Authors: Lily Everett
Tags: #Literature & Fiction, #United States, #Romance, #Contemporary
Before Ben could disagree, Alex stirred and kicked, waking from his long nap with a smacking of lips and a big yawn.
“Here, I’ll take him,” Merry said, lifting Alex into her arms. Relief at avoiding any more revelations about his past and the brush of her hands against Ben’s chest made him long to grab her wrist and tumble her back down into the nest of quilt and pillows. But he’d already gotten away with enough today. He wouldn’t push his luck.
At the bedroom door, Merry paused and turned to look back at Ben. “I want you to know that it’s okay, and we don’t need to talk about this again. I think I understand enough that your proposal makes a little more sense.”

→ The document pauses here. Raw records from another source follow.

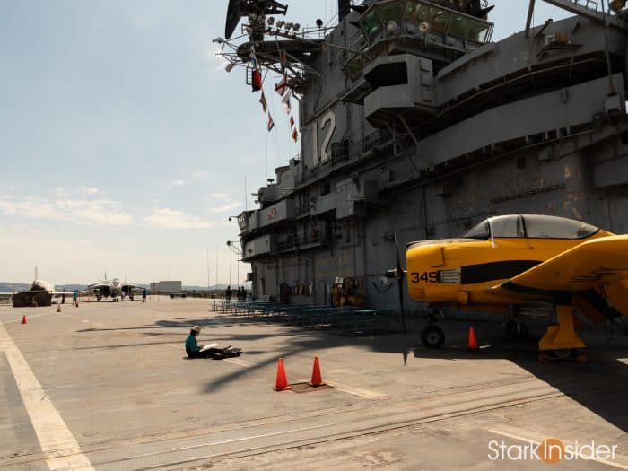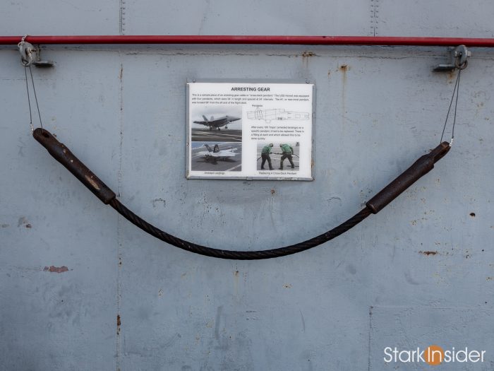 There’s plenty to see. As you might expect there’s vintage planes and helicopters in the three hangar bays. And it’s truly impressive to study the massive freight elevator that’s used to transport them up to the flight deck.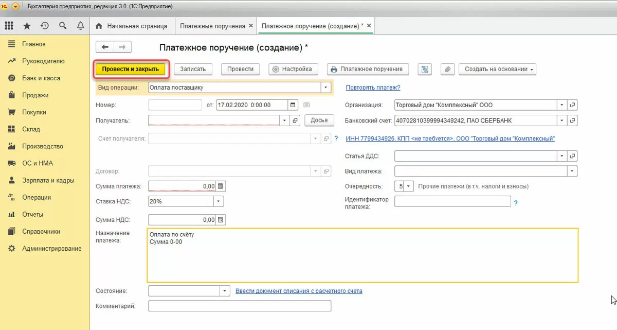 Здесь заполняем основные поля аналогично заполнению платежки: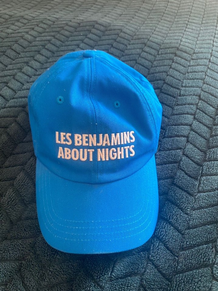 Mavi denim kumaştan, tokalı ayarlanabilir bantlı şapka. "LES BENJAMINS ABOUT NIGHTS" nakışlı, sokak giyimi ve athleisure tarzına uygun. Önde kücük bir sarı iz gibi bir İey var gösterdim iç tarafında hediye geldiğinde öyleydi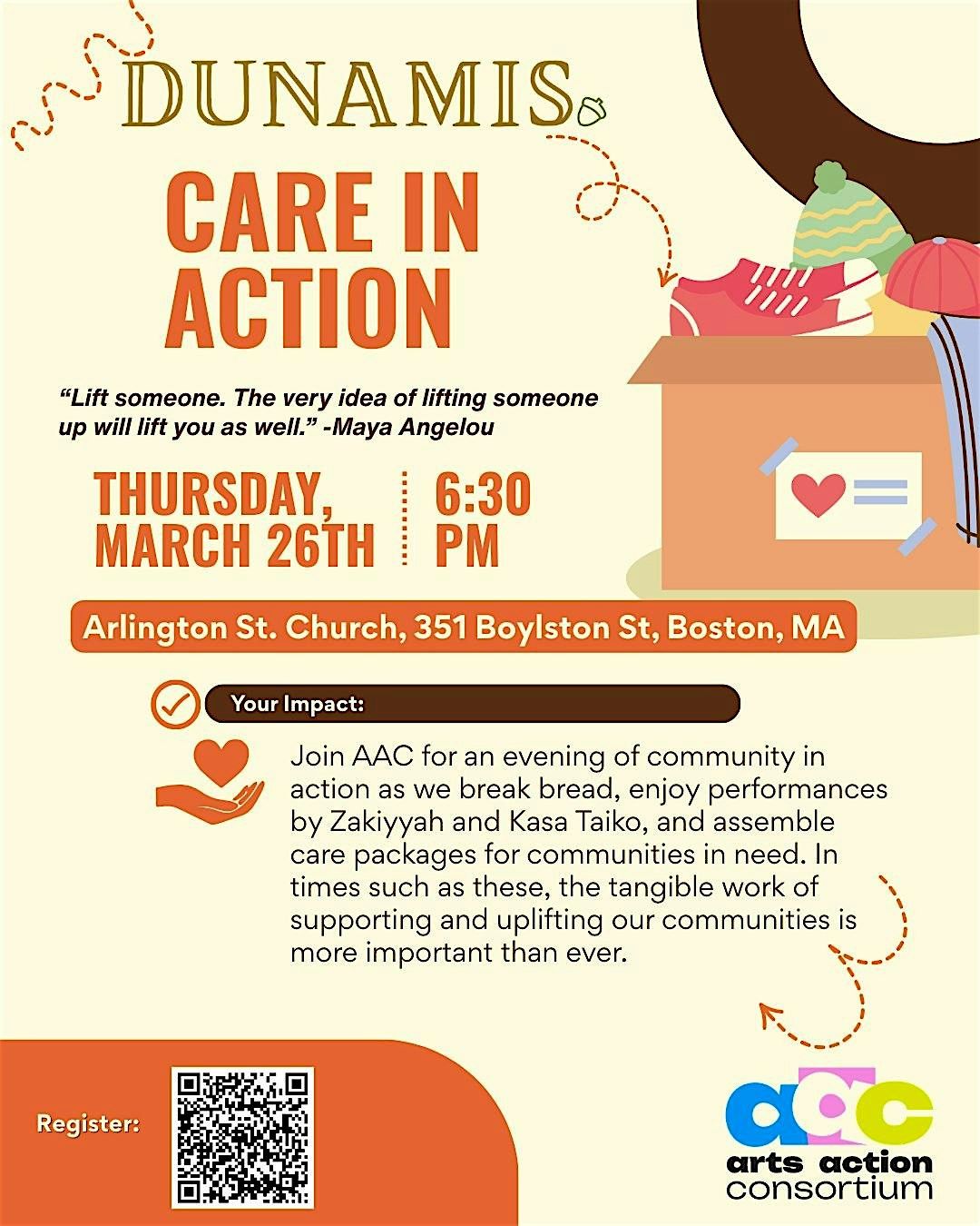 Join AAC for an evening of community in action as we break bread, enjoy performances by Zakiyyah and Kasa Taiko, and assemble care packages for communities in need. In times such as these, the tangible work of supporting and uplifting our communities is more important than ever.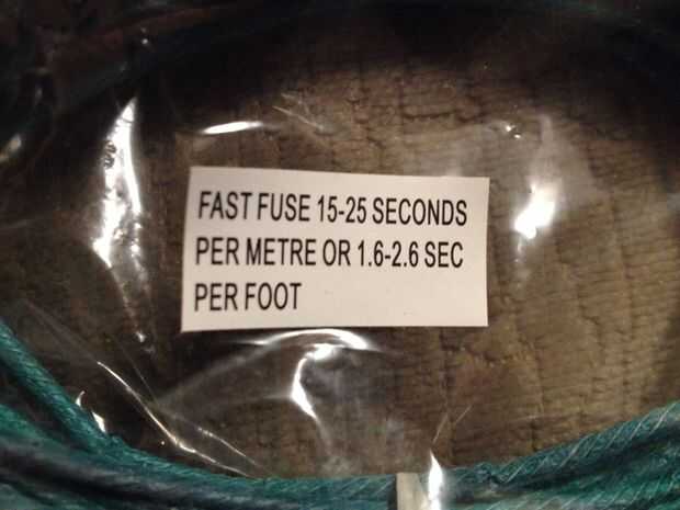 Usted puede obtener seguridad o fusible de Visco en muchas velocidades, los que considero más útil son 2 segundos por pie y 30 segundos por pie. Usted tendrá que averiguar la velocidad del fusible que puede muy en cada lote. Cortar una longitud, luz y cuánto tarda en quemar, ten cuidado con aunque como puede latigazos y sobrevolar todo el lugar, también sabemos que el tiempo que tarda el fusible en el fuego para quemar antes de que enciende el tiempo.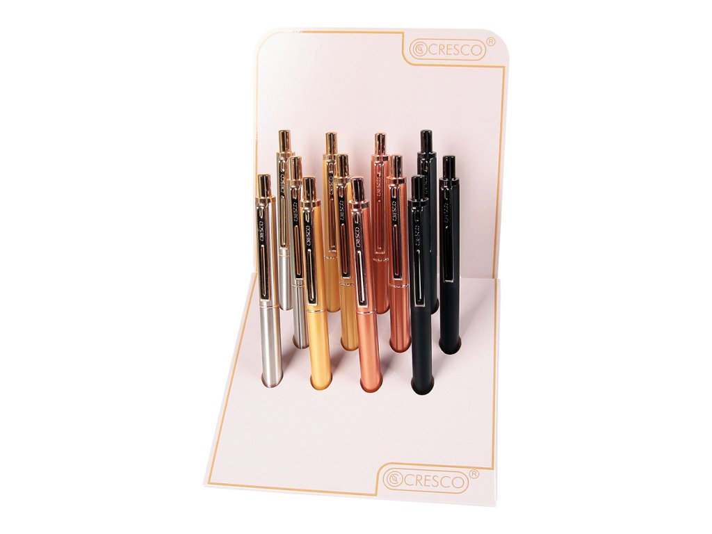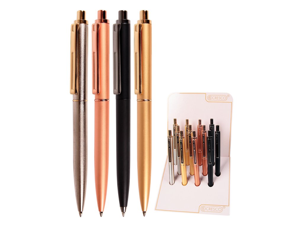 Mechanická tužka s plastovým tělem a kovovými doplňky ve 4 barvách. - luxusní kovový vzhled Barvy: černá, zlatá, stříbrná a měděnáDoplňkové parametry

Aching with unspent desire, Ben hauled himself upright and frowned in the direction of the doorway. “What, exactly, do you think you understand?”
Merry gave him a smile as bittersweet as dark chocolate. “You want a marriage without emotions, and you’re sure you’ll never fall in love again, because you’re still in love with your ex-wife.”
Ben opened his mouth, a denial on the tip of his tongue—but he hesitated. What was so bad about the solution Merry had come up with for why Ben proposed? If it made sense to her and made her more comfortable, he’d be an idiot to contradict it.
God knew, he wasn’t eager to explain the real reasons behind the wreck of his marriage to Ashley.
* * *
On the bed, Ben’s jaw dropped, and Merry’s heart surged into her throat. Was something else going on? But no, he closed his mouth on whatever he’d been about to say, and Merry’s heart thumped back down into her chest where it belonged.
Merry glanced over her shoulder at the hallway. Escape beckoned. Raw and twitchy, all she wanted was to flee the intimacy of this moment and the enormous, oxygen-sucking overwhelmingness of Ben’s presence.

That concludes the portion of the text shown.